A nossa terra
Tudo
na vida é relativo, e por isso não estranhei que o motorista de táxi que me levou
esta manhã do hotel em Ponta Delgada até ao aeroporto, ao saber que eu ia
apanhar um avião para a Terceira e não para o continente, me tenha comentado:
-
Então o senhor ainda vai até às ilhas.
Num
processo em cadeia que vai no sentido do maior para o mais pequeno, o
território onde se habita é assim uma espécie de “continente”, e os que se lhe
seguem são as ilhas.
E
para as ilhas ia também o jovem jogador de uma equipa de futebol da Madalena do
Pico, que regressando a casa vindo de Boston, se encontra atrás de mim na fila
para o controlo de segurança, a carpir as mágoas junto dos seus colegas, não se
conformando com o regresso à terra “onde nada acontece e a noite é para dormir”.
Sentirá
já saudades dos bares que frequentou na terra do Cheers, “aquele bar”.
Na
ilha Terceira vive também a rapariga que me serve um café pela hora do almoço
na pastelaria em frente à Sé, e que nem de propósito partilha com a sua colega
de balcão e com uma cliente pelos vistos sua conhecida, o triste que é viver
por aqui e encontrar todos os dias as mesmas caras.
As
outras não concordam com ela e por isso ela vai extremando argumentos até dizer
que ao ouvir falar em filas no IC19, até sente inveja porque isso é sinal de
muita gente.
Haja
gente com mau gosto.
Há
então uma outra cliente que se mete na conversa e a tenta demover da vontade de
ir para filas de trânsito, dizendo-lhe que vive na margem sul e de que já não
suporta o trânsito na Ponte 25 de Abril.
Mas
a rapariga segue pelas suas convicções.
É
uma motorista de táxi que me traz de volta ao Aeroporto das Lajes vindo de
Angra do Heroísmo.
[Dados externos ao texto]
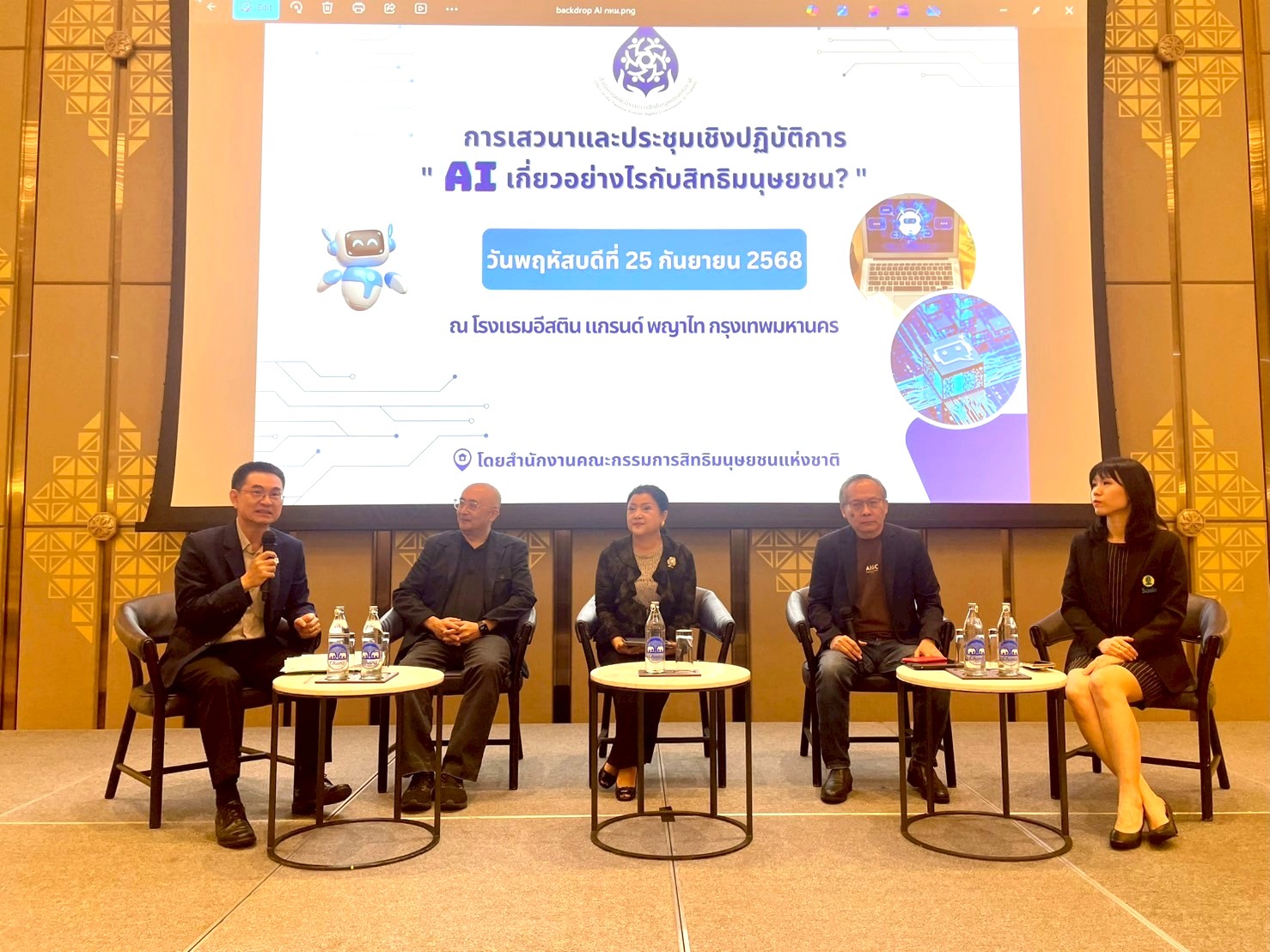เมื่อวันที่ 25 กันยายน 2568 ที่โรงแรมอีสติน แกรนด์ พญาไท กรุงเทพมหานคร ผศ. สุชาติ  เศรษฐมาลินี นายวสันต์  ภัยหลีกลี้ กรรมการสิทธิมนุษยชนแห่งชาติ นางสาวหรรษา  หอมหวล เลขาธิการ กสม. พร้อมด้วยเจ้าหน้าที่สำนักงาน กสม. จัดการเสวนาและการประชุมเชิงปฏิบัติการ “AI เกี่ยวอย่างไรกับสิทธิมนุษยชน?” เพื่อรับฟังความคิดเห็นจากภาคส่วนต่าง ๆ ทั้งภาครัฐ ภาคเอกชน ภาควิชาการ และภาคประชาสังคมต่อสถานการณ์การพัฒนาและการใช้ AI ความเสี่ยงและผลกระทบของ AI ต่อสิทธิมนุษยชน ตลอดจนแนวทางเพื่อคุ้มครองและส่งเสริมสิทธิมนุษยชนจากการใช้และพัฒนา AI ในบริบทของประเทศไทย ในพื้นที่กรุงเทพฯ และปริมณฑล
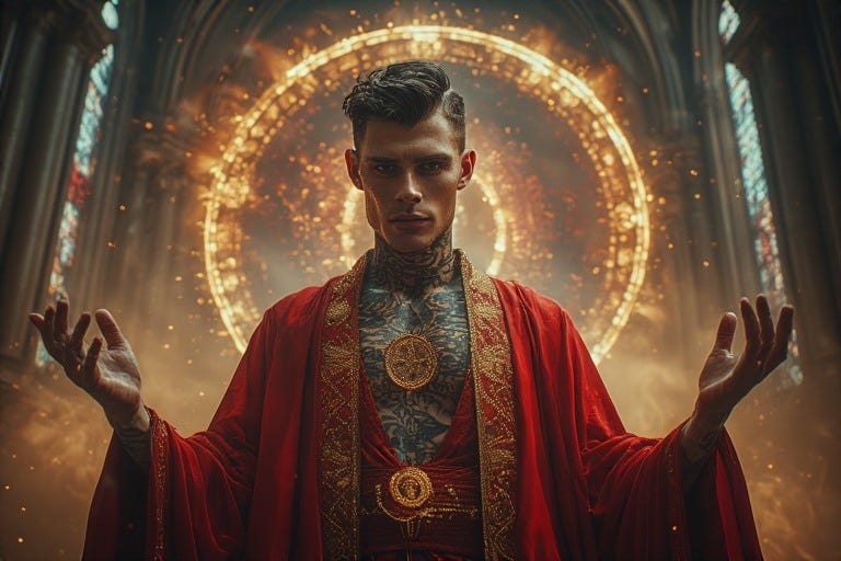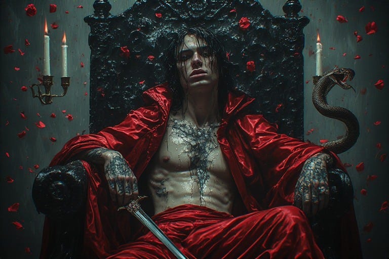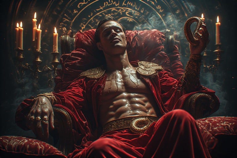 Having endured the excruciating descent into shadow during Nigredo, emerged purified through Albedo’s lunar stillness, and awakened to his authentic voice in Citrinitas’s golden dawn, the queer man now stands at the threshold of his birthright. Before him lies what generations of heteropatriarchal structures have labeled dangerous, what religious doctrines have deemed sinful, what medical institutions have pathologized as disorder: his own sovereign power.
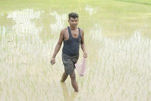 बृजपाल अपनी पत्नी के साथ मिलकर हर दिन खेत में काम करते हैं। दोनों मिलकर फसल की देखरेख कर रहे हैं। आज बृजपाल अपने खेत मे लगाए धान की फसल में डीएपी और यूरिया का छिड़काव किए है। जिससे फसलों का उत्पादन अच्छा हो। बृजपाल कहते हैं खाद-बीज समय पर मिलने से खेती करने में आसानी हुई है।
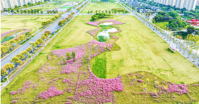 2023年10月1日,蘇宿工業(yè)園區(qū)蘇州公園北側(cè)綠地的粉黛亂子草盛開了,一片片粉色花海如夢似幻,吸引游人前來觀賞,樂享國慶假期。
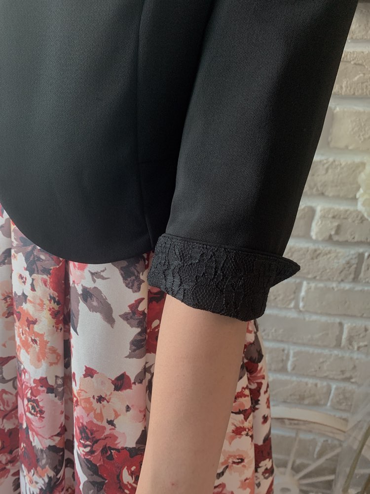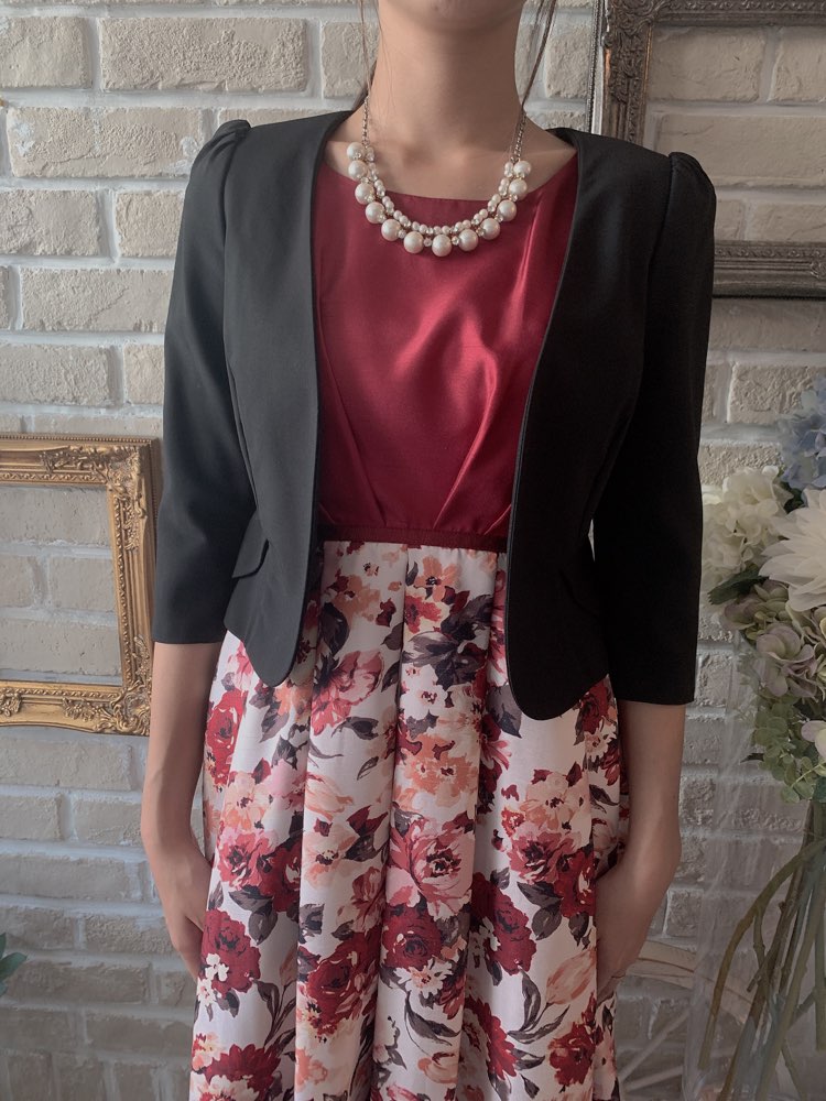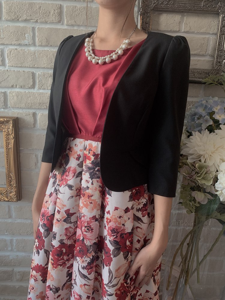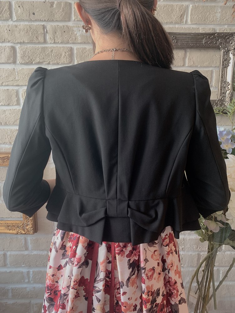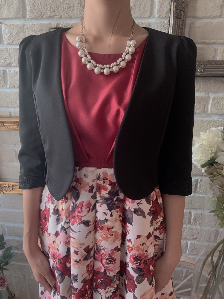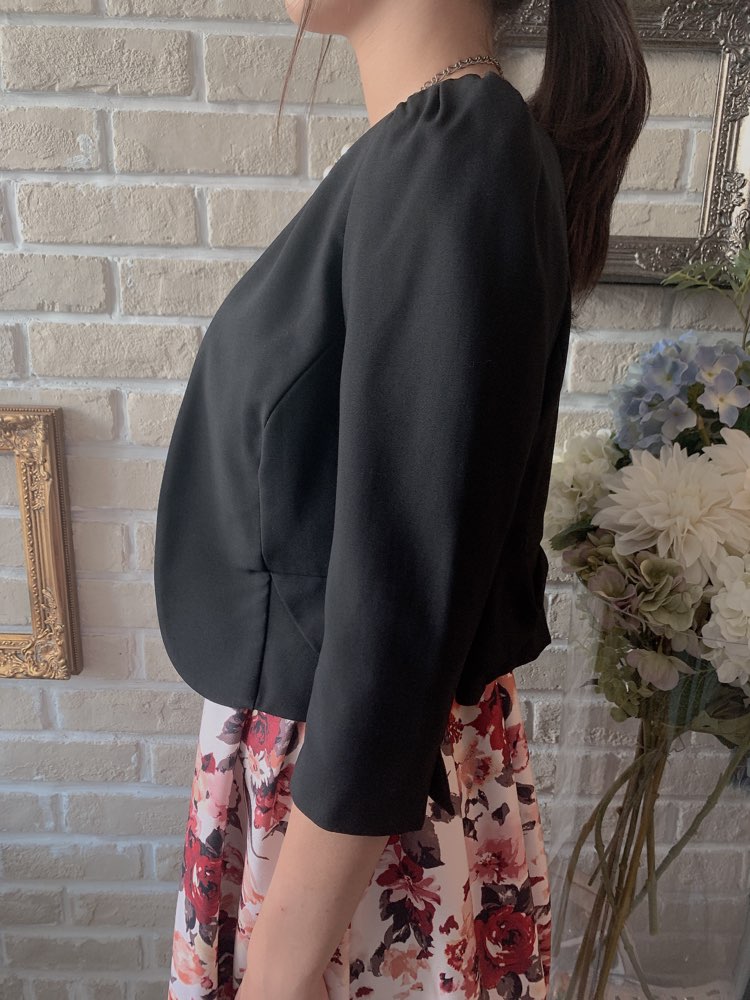 フォーマルなブラックのノーカラージャケット。ウエスト辺りまでのショート丈ですので、重たくならず、ドレスのデザインも邪魔せずすっきりお召いただけます。袖を折り返して五分袖にしたりと、お好みで調節できます。また、裏地がレースになっており、折り返したときのポイントなります。ドレスの華やかさを抑えたい方、ふんわりしたボレロの可愛らしさが苦手な方、少しかっちりさせたい場面など、様々なシーンに活躍します。ご親族様や会社の懇親会などにもオススメです。ゴールドやベージュ、グレーやボルドーなどの赤系のアイテムとは、特に相性が良いです。
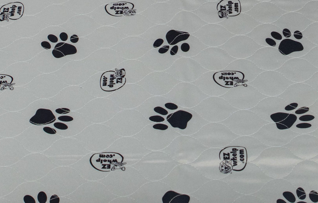 EZwhelp's gray paw print pads are absorbent, waterproof, and washable. A very soft brushed polyester surface is quilted to an internal soaker to maximize comfort and function. These pads have a velvet touch and are edge-serged with a safety stitch for longer life. They will give you and your furry friends plenty of protection and good looks to boot!
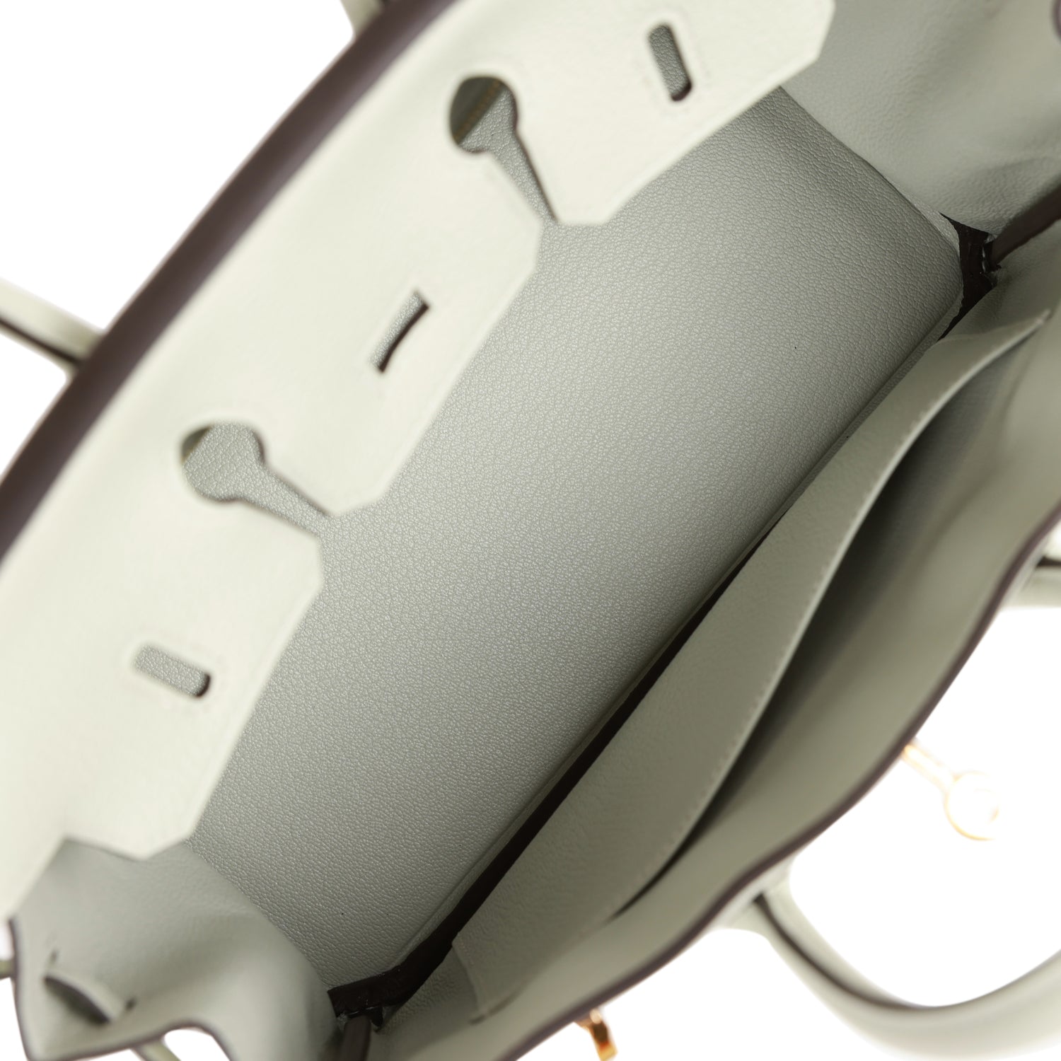 This Birkin is in Gris Neve togo leather with gold hardware and has tonal stitching, two straps with front toggle closure, clochette with lock and two keys and double rolled handles.
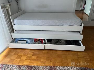 letto ikea SLAKT. Letto singolo con secondo letto a scomparsa e cassetti. Misure: 90x200
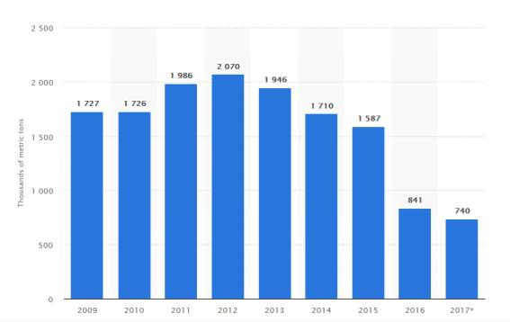 2014年-2016年,由于成本太高,美国铝企开始出现倒闭风潮。2017年,美国铝产业仅剩下2家公司、5个工厂,其中3个工厂还无法正常运转。有数据显示,2016年和2017年,美国原铝产量分别降到84.1万吨、74万吨,甚至不及冰岛、巴林、挪威等中东和北欧小国。
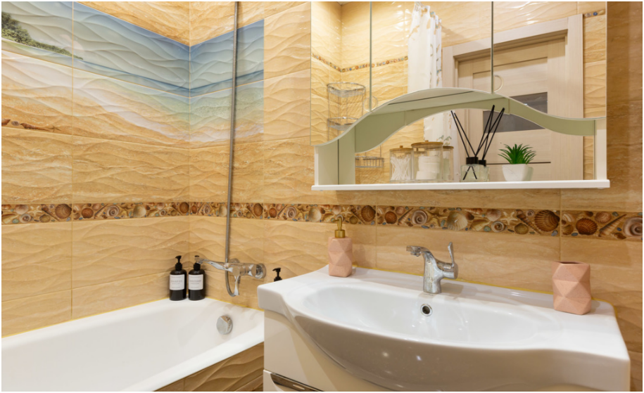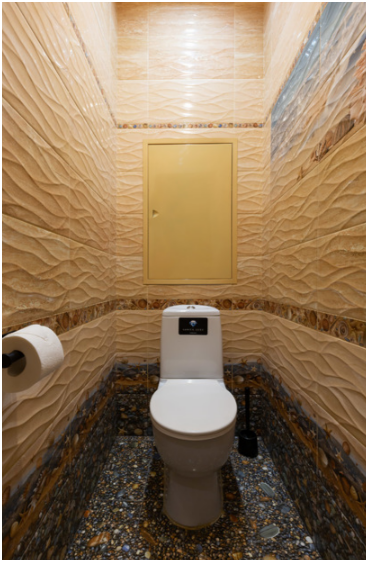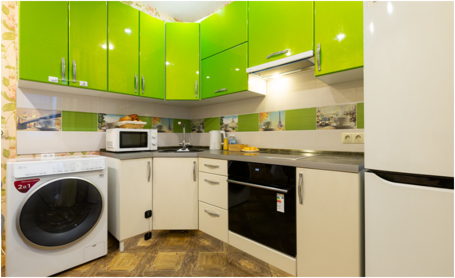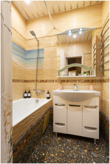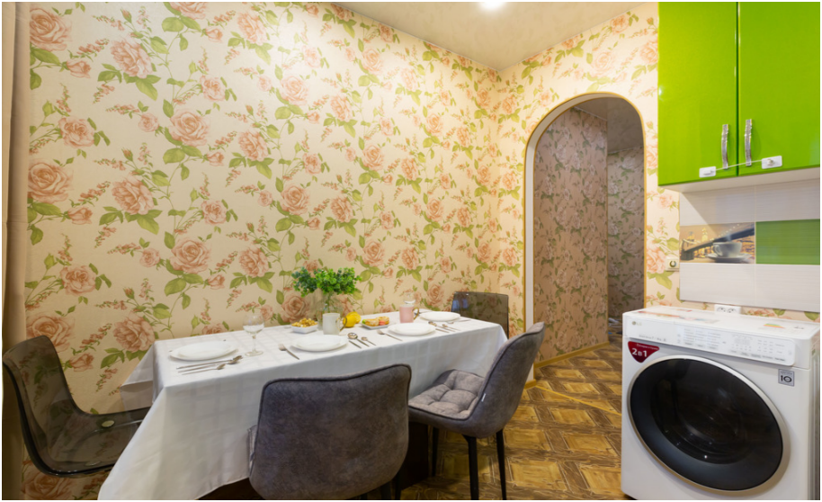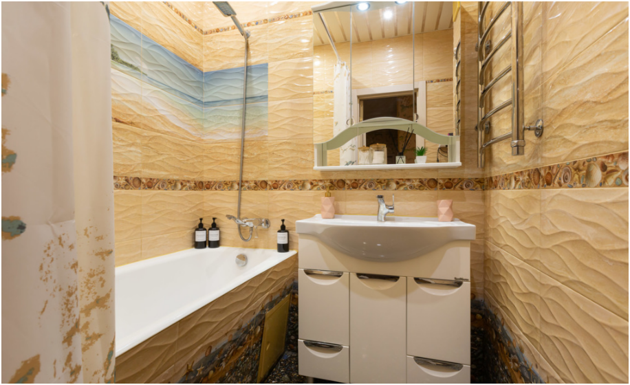 Ванная комната: ванна, стиральная машина, фен, стиральный порошок, средства для мытья посуды, средства гигиены: шампунь, гель для душа, бальзам, жидкое мыло в дозаторах, косметический набор, мицеллярная вода, ватные диски, ватные палочки, крем для рук, зубной набор, одноразовые тапочки.

Metemos conversa e eu digo-lhe que a terra dela é
fantástica.
Agradece
e comenta:
-
Não me vejo a viver em qualquer outro sítio. Este é o meu lugar. Já tive de
reconstruir a minha casa após o terramoto de 1980 e voltaria a reconstruí-la
mil vezes se tal fosse necessário.
E
fala do sol e da forma como a luz vai alterando os tons de verde sobre a Serra
do Cume.
Pego
nos argumentos dos jovens com quem me cruzei pela manhã e questiono-a sobre a
asfixia que se pode sentir a viver numa ilha pequena.
Sorri
como que esperando a minha questão, previsível e com a qual tantas vezes se
debate. Atira-me decidida:
-
O meu marido foi o melhor homem que já viveu algum dia sobre a Terra. Partiu há
quatro anos de morte súbita e deixou-me com este táxi e dois filhos que eu vou
acabando de criar. Nunca importa o tamanho do sítio onde vivemos porque a nossa
terra será sempre o local onde fomos ou somos felizes. O meu é aqui por entre
as memórias de vinte anos e falando tantas vezes com o meu marido à medida que
o sol me muda as cores de um caminho tão previsível e que faço tantas vezes.
É
a minha vez de sorrir.
Pois
é… o amor faz sempre a diferença, dá-nos pátria e às vezes até de uma ilha
consegue fazer um continente.
Os outros dois “meninos” ainda não tiveram tempo de aprender a lição.